Consul provides scalable distributed health checks. Consul only does minimal datacenter to datacenter communication so each datacenter has its own Consul cluster. Consul provides a domain model for managing topology of datacenters, server nodes, and services running on server nodes along with their configuration and current health status.

Consul is like combining the features of a DNS server plus Consistent Key/Value Store like etcd plus features of ZooKeeper for service discovery, and health monitoring like Nagios but all rolled up into a consistent system. Essentially, Consul is all the bits you need to have a coherent domain service model available to provide service discovery, health and replicated config, service topology and health status. Consul also provides a nice REST interface and Web UI to see your service topology and distributed service config. Consul organizes your services in a Catalog called the Service Catalog and then provides a DNS and REST/HTTP/JSON interface to it.

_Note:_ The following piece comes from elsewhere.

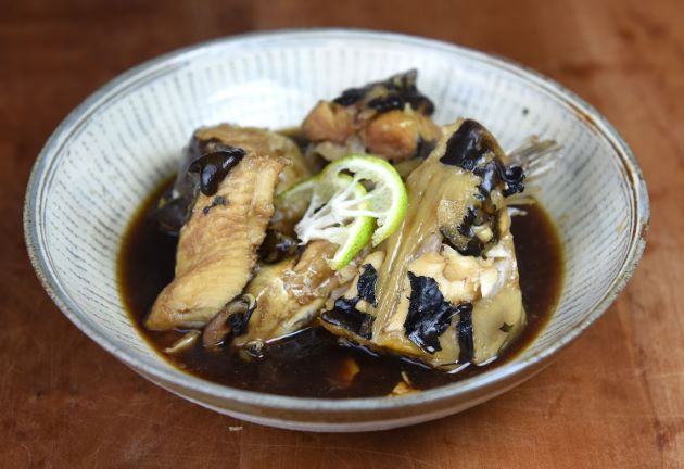 チャネルキャットフィッシュの煮つけ(アメリカナマズの煮つけ) 水洗いして適当に切る。湯通しして冷水に落としてぬめりを流す。これを酒・醤油、しょうがでじっくりと煮る。みりん、砂糖などで甘味をつけてもいい。煮ても硬く締まらず、ナマズよりもあっさりしている。食べやすい。クリックで閉じます![]()
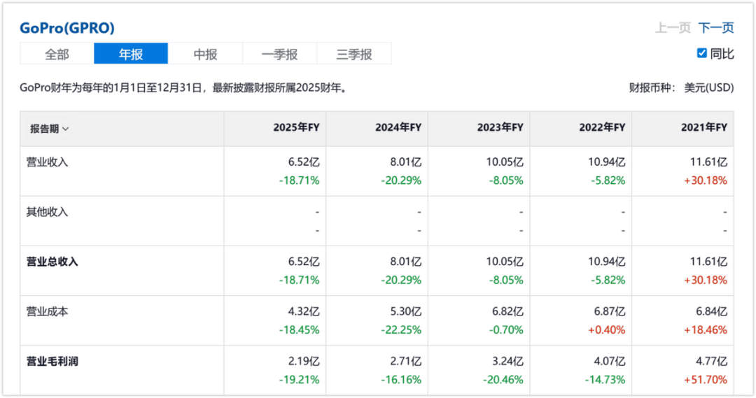 In this context, GoPro has already made multiple pricing adjustments in recent years, with some product lines nearing their profitability bottom line [translates as "bottom line"] in terms of terminal pricing. Combined with external factors like tariffs, GoPro's overall profitability is under pressure. Recent financial data shows that GoPro incurred a cumulative loss of $93.5 million last year.

To use Consul you start up an agent process. The Consul agent process is a long running daemon on every member of Consul cluster. The agent process can be run in server mode or client mode. Consul agent clients would run on every physical server or OS virtual machine (if that makes more sense). Client runs on server hosting services. The clients use gossip and RPC calls to stay in sync with Consul.

A client, consul agent running in client mode, forwards request to a server, consul agent running in server mode. Clients are mostly stateless. The client does LAN gossip to the server nodes to communicate changes. A server, consul agent running in server mode, is like a client agent but with more tasks. The consul servers use the RAFT quorum mechanism to see who is the leader. The consul servers maintain cluster state like the Service Catalog. The leader manages a consistent view of config key/value pairs, and service health and topology. Consul servers also handle WAN gossip to other datacenters. Consul server nodes forwards queries to leader, and forward queries to other datacenters.

A Datacenter is fairly obvious. It is anything that allows for fast communication between nodes, with as few or no hops, little or no routing, and in short: high speed communication. This could be an Amazon EC2 availability zone, a networking environment like a subnet, or any private, low latency, high bandwidth network. You can decide exactly what datacenter means for your organization.

Consul server nodes use consensus to determine who is the leader. They have agreement on who is the leader. They use a transactional finite state machine (FSM) to make sure all server nodes are in lock step with critical tasks. They also employ a replicated log, FSM, peer set (who gets the replicated log), quorum (majority of peers agree), committed entry, and a leader. The end result is consistent view of configuration and live services and their topology.

Consul is built on top of Serf. Serf is a full gossip protocol and provides membership, failure detection, and event broadcast mechanisms. Serf provides the clustering for the server nodes. Consul uses LAN gossip for client and servers in the same local network or datacenter. Consul uses WAN Gossip but it is only for servers.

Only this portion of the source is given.